#### Requirement
Among the entries below, which lines run from the line with "Khodal Marble Rameshbhai" through the line with "Du khách mới"? Retype those, both ends included, exactly and without pictures.

Items from a dataset:
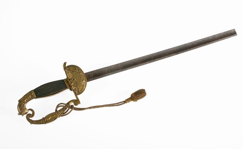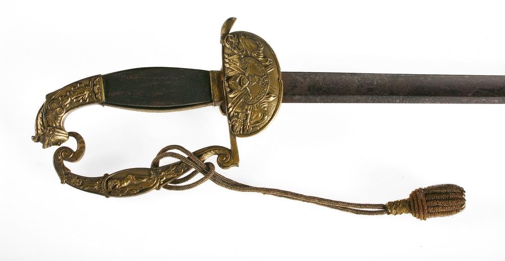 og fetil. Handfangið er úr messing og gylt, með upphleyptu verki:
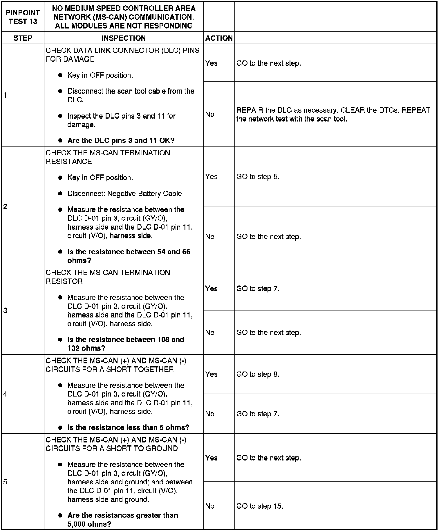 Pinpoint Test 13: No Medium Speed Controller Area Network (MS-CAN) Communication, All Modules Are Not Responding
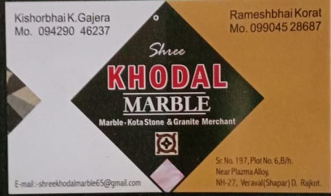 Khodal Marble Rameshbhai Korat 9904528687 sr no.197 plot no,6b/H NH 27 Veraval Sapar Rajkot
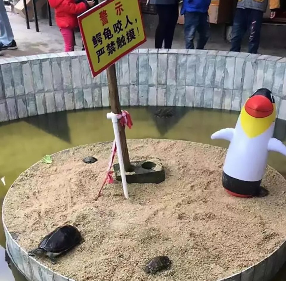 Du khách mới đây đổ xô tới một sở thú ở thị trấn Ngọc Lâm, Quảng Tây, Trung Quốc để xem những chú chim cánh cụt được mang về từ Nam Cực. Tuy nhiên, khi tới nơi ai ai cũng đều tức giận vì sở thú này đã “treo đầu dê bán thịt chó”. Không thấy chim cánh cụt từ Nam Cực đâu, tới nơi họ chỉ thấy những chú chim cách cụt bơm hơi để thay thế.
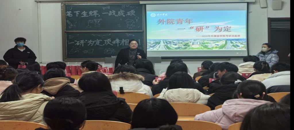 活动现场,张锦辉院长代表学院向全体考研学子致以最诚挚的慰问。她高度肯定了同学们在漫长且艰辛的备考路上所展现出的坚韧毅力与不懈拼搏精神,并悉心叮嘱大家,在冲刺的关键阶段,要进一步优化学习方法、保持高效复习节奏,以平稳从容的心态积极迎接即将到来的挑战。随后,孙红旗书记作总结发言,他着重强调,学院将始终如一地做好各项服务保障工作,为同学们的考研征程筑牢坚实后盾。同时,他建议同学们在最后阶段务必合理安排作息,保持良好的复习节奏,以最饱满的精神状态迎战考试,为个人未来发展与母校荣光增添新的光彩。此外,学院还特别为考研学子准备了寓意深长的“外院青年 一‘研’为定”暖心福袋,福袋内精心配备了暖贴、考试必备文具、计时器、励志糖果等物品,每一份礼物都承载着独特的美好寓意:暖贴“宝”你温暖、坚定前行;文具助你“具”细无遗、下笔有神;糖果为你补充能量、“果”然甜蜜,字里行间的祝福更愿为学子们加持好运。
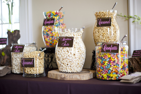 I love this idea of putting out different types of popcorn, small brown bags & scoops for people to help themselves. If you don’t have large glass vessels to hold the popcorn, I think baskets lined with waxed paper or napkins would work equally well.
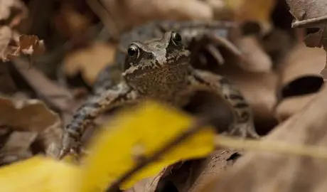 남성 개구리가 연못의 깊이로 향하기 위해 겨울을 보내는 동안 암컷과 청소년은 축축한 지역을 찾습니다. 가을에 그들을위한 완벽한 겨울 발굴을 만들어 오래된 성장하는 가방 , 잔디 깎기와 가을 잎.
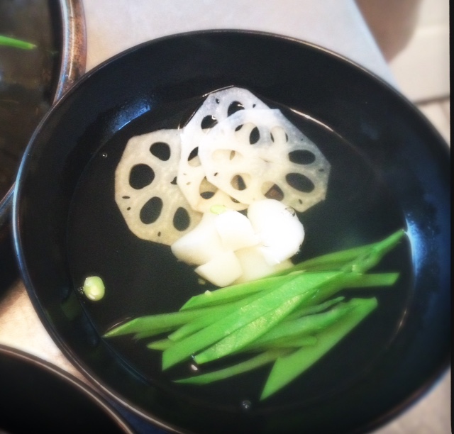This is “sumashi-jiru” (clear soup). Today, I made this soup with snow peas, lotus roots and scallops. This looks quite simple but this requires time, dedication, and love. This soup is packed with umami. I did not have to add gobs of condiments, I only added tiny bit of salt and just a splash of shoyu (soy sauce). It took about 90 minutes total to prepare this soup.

#### Response to this exercise
 Khodal Marble Rameshbhai Korat 9904528687 sr no.197 plot no,6b/H NH 27 Veraval Sapar Rajkot
 Du khách mới đây đổ xô tới một sở thú ở thị trấn Ngọc Lâm, Quảng Tây, Trung Quốc để xem những chú chim cánh cụt được mang về từ Nam Cực. Tuy nhiên, khi tới nơi ai ai cũng đều tức giận vì sở thú này đã “treo đầu dê bán thịt chó”. Không thấy chim cánh cụt từ Nam Cực đâu, tới nơi họ chỉ thấy những chú chim cách cụt bơm hơi để thay thế.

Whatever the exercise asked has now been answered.